Yang hilang ketika kita berhenti melihat alam sebagai sesama

Akhir Agustus lalu, keluarga kami mengunjungi Phuket Elephant Sanctuary, Thailand. Tempat itu betul-betul berupaya keras menyiapkan kunjungan yang ethical, enggak ada acara kasih makan sambil foto-foto, enggak ada mandi bareng gajah, apalagi naik ke punggungnya. Gajah-gajah itu hanya… jadi diri mereka sendiri. Kami yang datang untuk melihat, bukan mereka yang dipaksa tampil.

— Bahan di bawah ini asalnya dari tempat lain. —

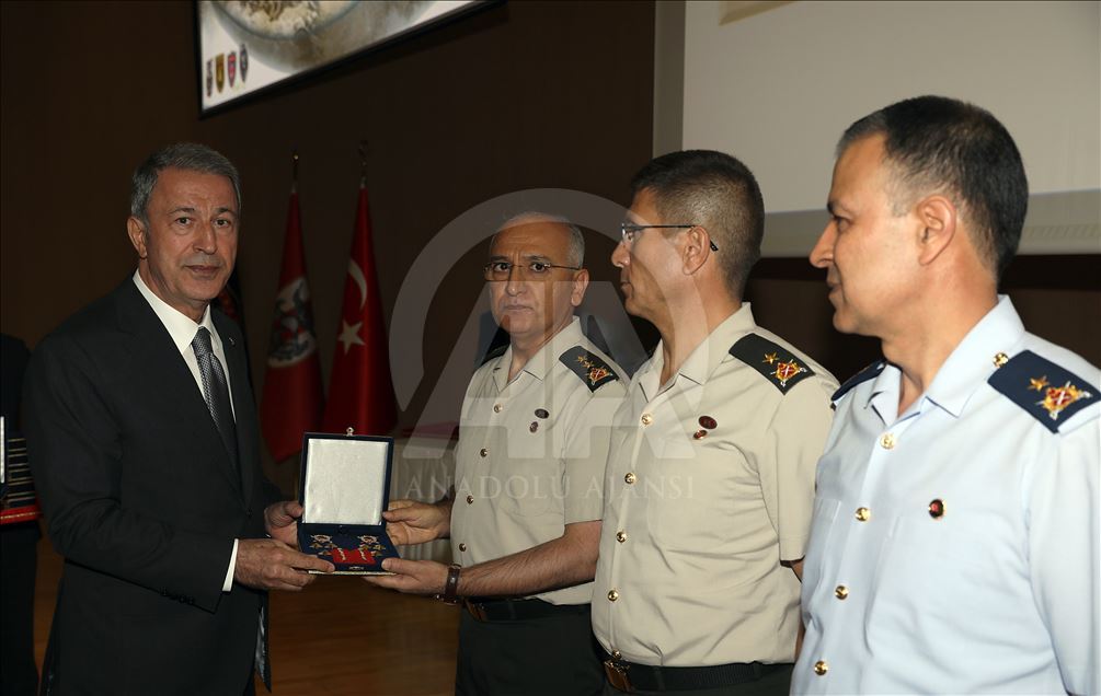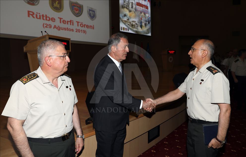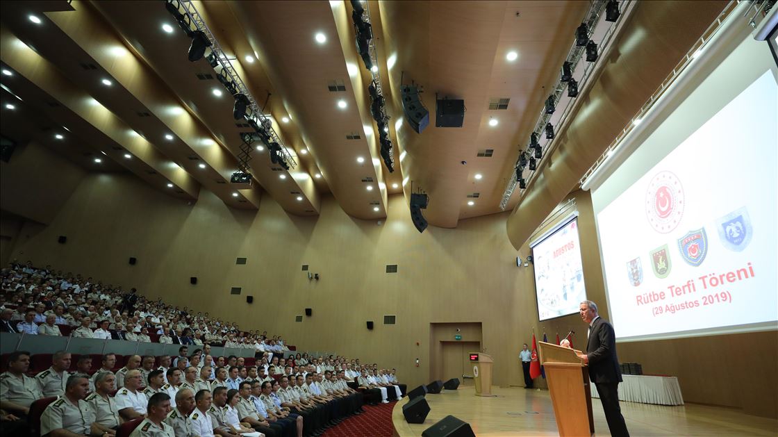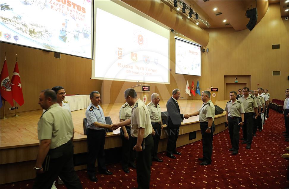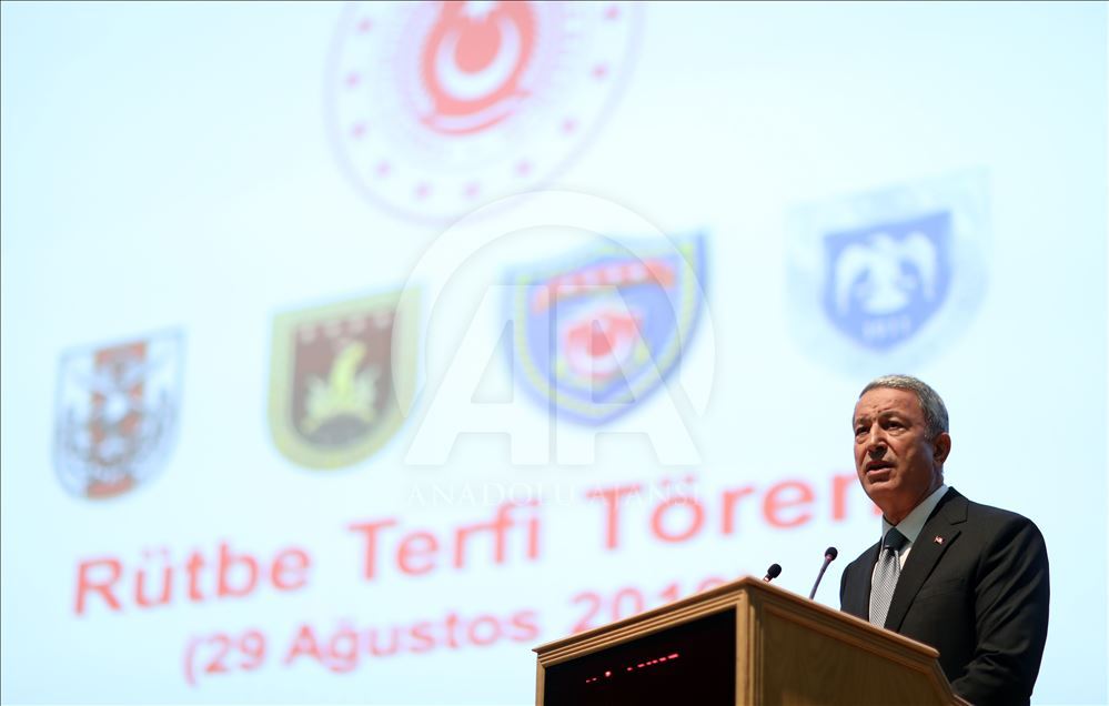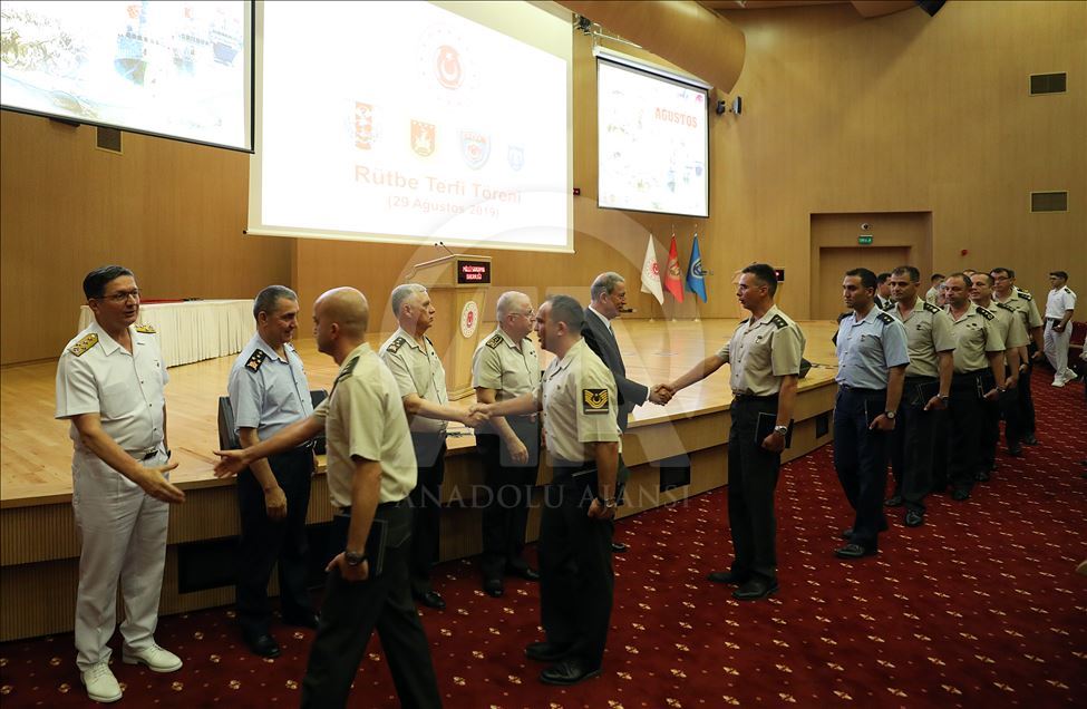 Milli Savunma Bakanı Hulusi Akar, Türk Silahlı Kuvvetlerinde bir üst rütbeye terfi eden personelin rütbe işaretlerinin verildiği törene katıldı. ( Arif Akdoğan - Anadolu Ajansı )Arif Akdoğan

Pekan depannya, giliran kami mengunjungi shelter hewan kesayangan kami: Animal Defenders di Sawangan. Di sana ada 250 ekor anjing rescue, bentuknya beraneka ragam, ada yang telinganya cuma sebelah, ada yang jalannya pincang, ada yang masih waspada setiap kali tangan manusia mendekat. Tapi semuanya, tanpa kecuali, manis luar biasa.

Dua tempat yang jauh berbeda. Satu di negeri orang, satu di pinggiran Jakarta. Tapi keduanya mengajarkan hal yang sama ke saya: bahwa ada cara mengenal makhluk lain tanpa harus menaklukkan mereka dulu.

“WHY, HUMAN, WHY??”

To be honest, ada momen-momen saya merasa udah enggak tahu lagi mau ngomong apa. Setiap kali melihat penyiksaan hewan, perusakan alam, atau cara kita, manusia, menganggap makhluk lain di luar diri kita cuma komoditas yang enggak punya rasa sakit, enggak punya rasa takut, dan enggak punya ingatan.

Kenapa, sih? Kenapa hal itu masih terus terjadi?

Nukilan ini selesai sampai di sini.